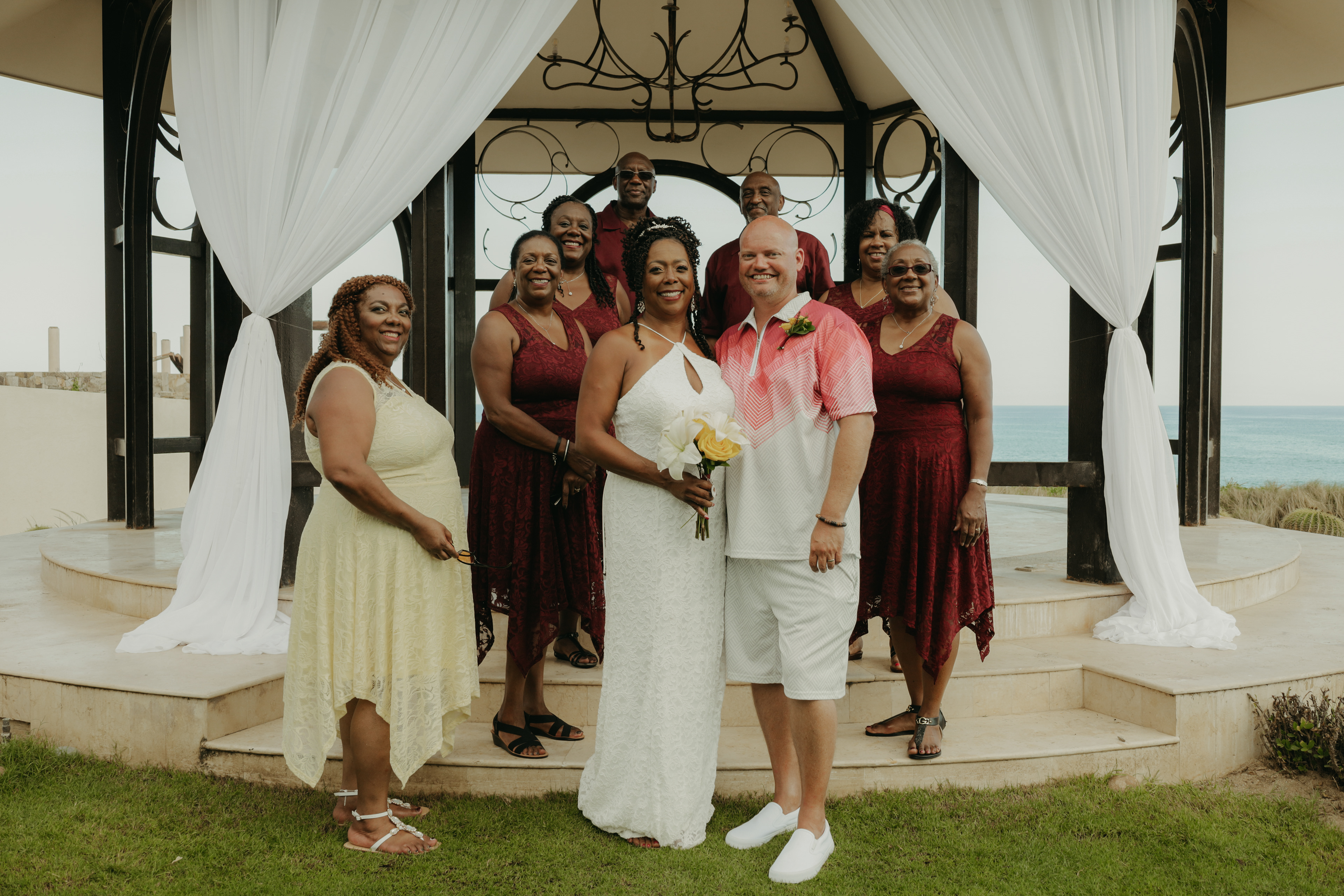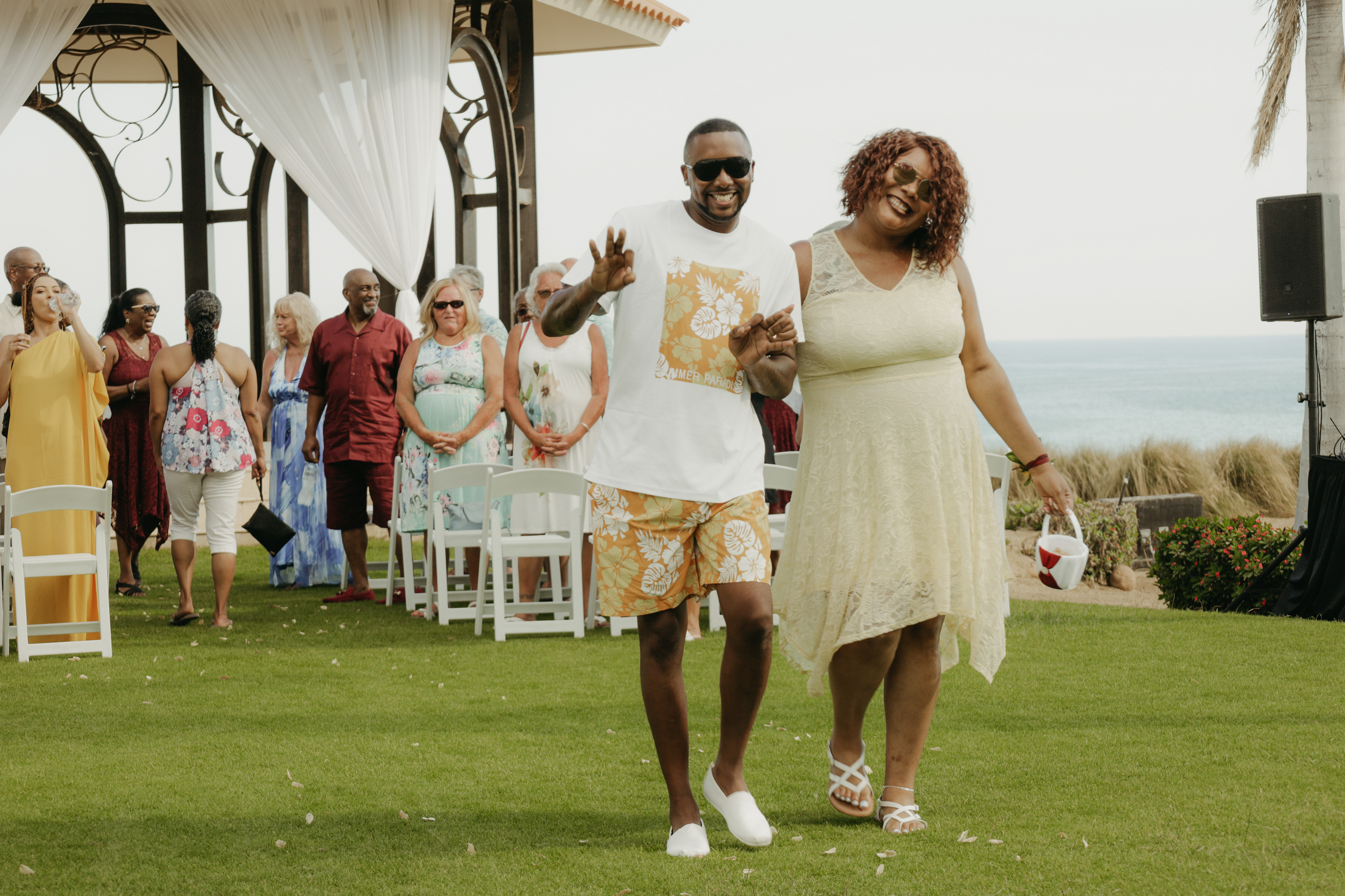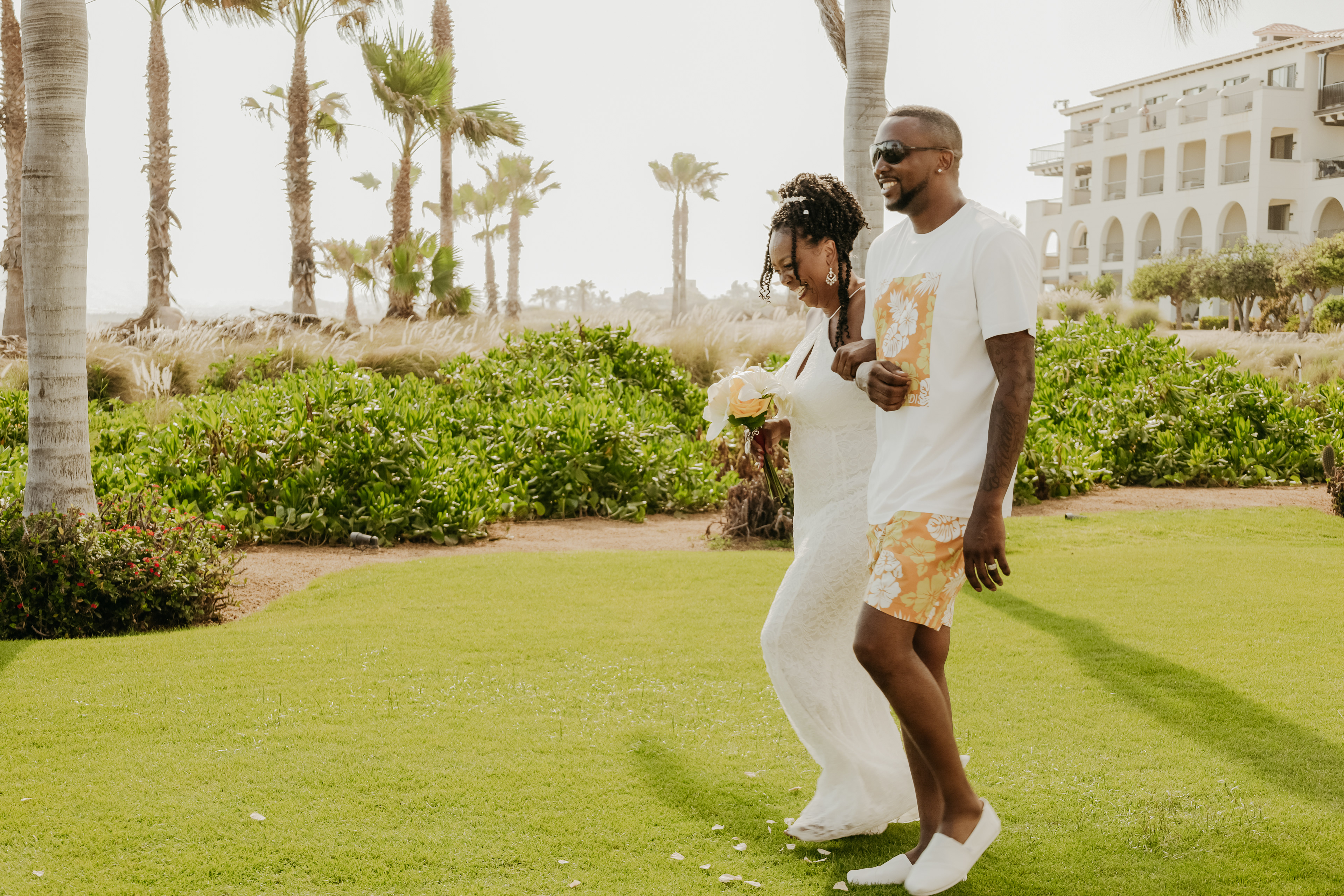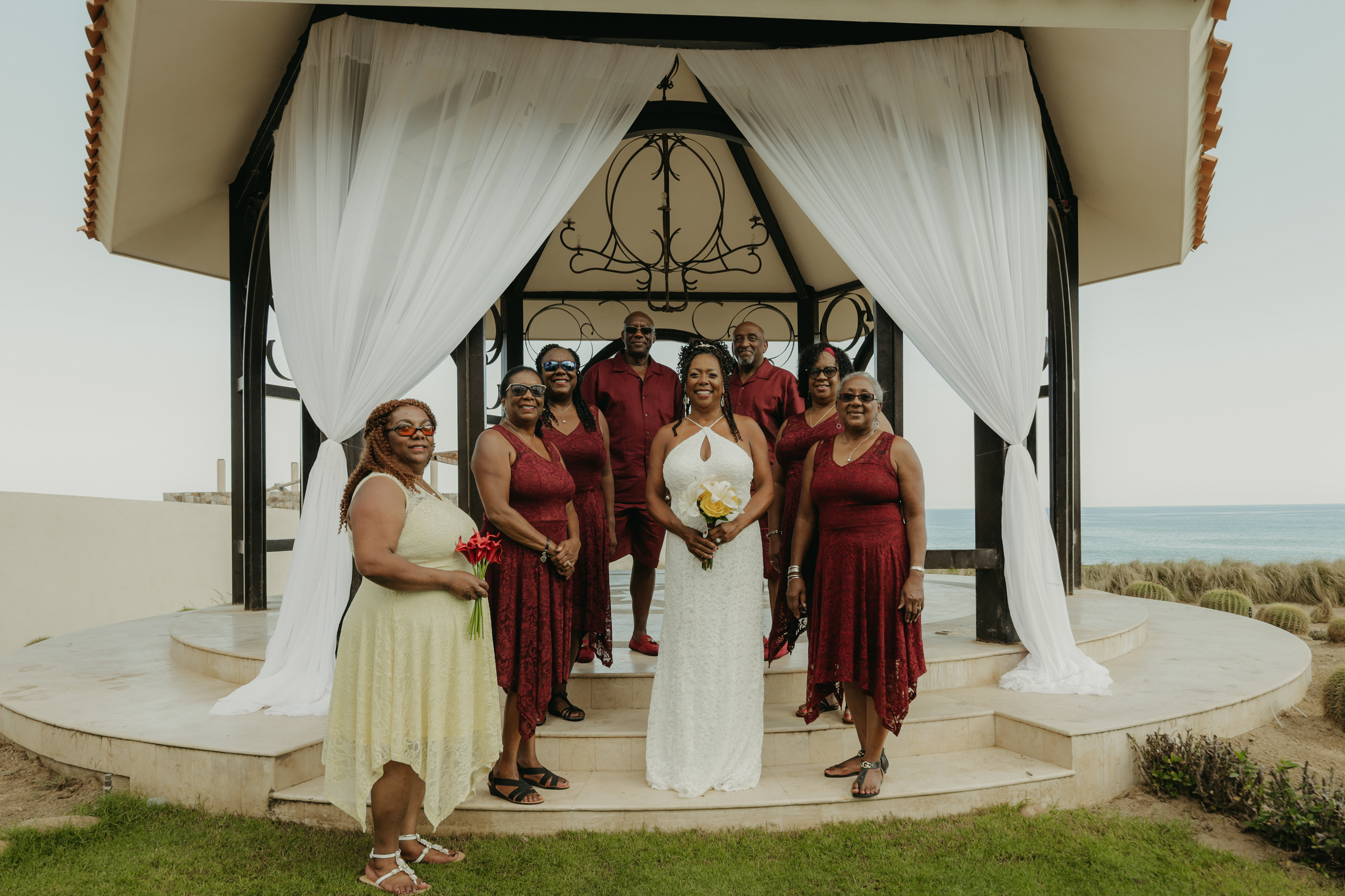 Loni and Jesse had their wedding on the east coast of Los Cabos. In a beautiful gazebo in front of the Sea of Cortez. Where their family and friends witnessed their engagement and love on a summer afternoon. Loni wore a beautiful dress with a nice back neckline, while Jesse was dressed in a fresh and very original suit. All the preparation took place at the Secrets Puerto Los Cabos resort.
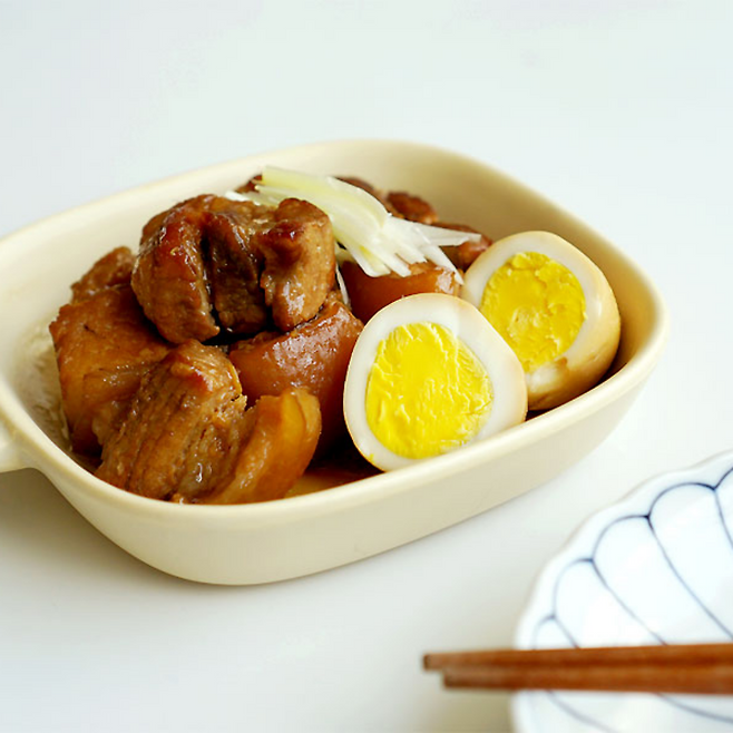 그릇에 예쁘게 담아내어주면 맛있는 일본식 돼지고기조림 부타노가쿠니 완성이에요 !
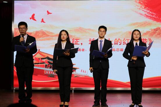 朗诵会以一首《何以中国,何以华夏》拉开帷幕,充分展现了中华民族悠久的历史和灿烂的文化,每一字、每一句都饱含着强烈的民族自豪感;《长征,地球上的红飘带》讴歌了党的光辉历史和丰功伟绩;而《祖国啊,我亲爱的祖国》《祖国颂》《我的祖国》《祖国,用青春名义为你歌唱》等充满强烈的爱国之情、报国之志,作为献给祖国伟大母亲的礼物;《周总理办公室的灯光》《钱学森回国》更是以独特的视角,将信仰与责任融入心中,将为祖国建设事业而不懈奋斗的民族风骨展现得淋漓尽致。节目最后以一首合诵《我骄傲我是中国人》压轴,高亢唯美的音乐之下,同学们用自己精湛的演绎和动人的声音表达了中华儿女对党和国家的无限挚爱之情。

|---|

[Work request] Leaving out the pictures, reproduce the whole listing above exactly.

[Reply to the exercise]
 Loni and Jesse had their wedding on the east coast of Los Cabos. In a beautiful gazebo in front of the Sea of Cortez. Where their family and friends witnessed their engagement and love on a summer afternoon. Loni wore a beautiful dress with a nice back neckline, while Jesse was dressed in a fresh and very original suit. All the preparation took place at the Secrets Puerto Los Cabos resort.
 그릇에 예쁘게 담아내어주면 맛있는 일본식 돼지고기조림 부타노가쿠니 완성이에요 !
 朗诵会以一首《何以中国,何以华夏》拉开帷幕,充分展现了中华民族悠久的历史和灿烂的文化,每一字、每一句都饱含着强烈的民族自豪感;《长征,地球上的红飘带》讴歌了党的光辉历史和丰功伟绩;而《祖国啊,我亲爱的祖国》《祖国颂》《我的祖国》《祖国,用青春名义为你歌唱》等充满强烈的爱国之情、报国之志,作为献给祖国伟大母亲的礼物;《周总理办公室的灯光》《钱学森回国》更是以独特的视角,将信仰与责任融入心中,将为祖国建设事业而不懈奋斗的民族风骨展现得淋漓尽致。节目最后以一首合诵《我骄傲我是中国人》压轴,高亢唯美的音乐之下,同学们用自己精湛的演绎和动人的声音表达了中华儿女对党和国家的无限挚爱之情。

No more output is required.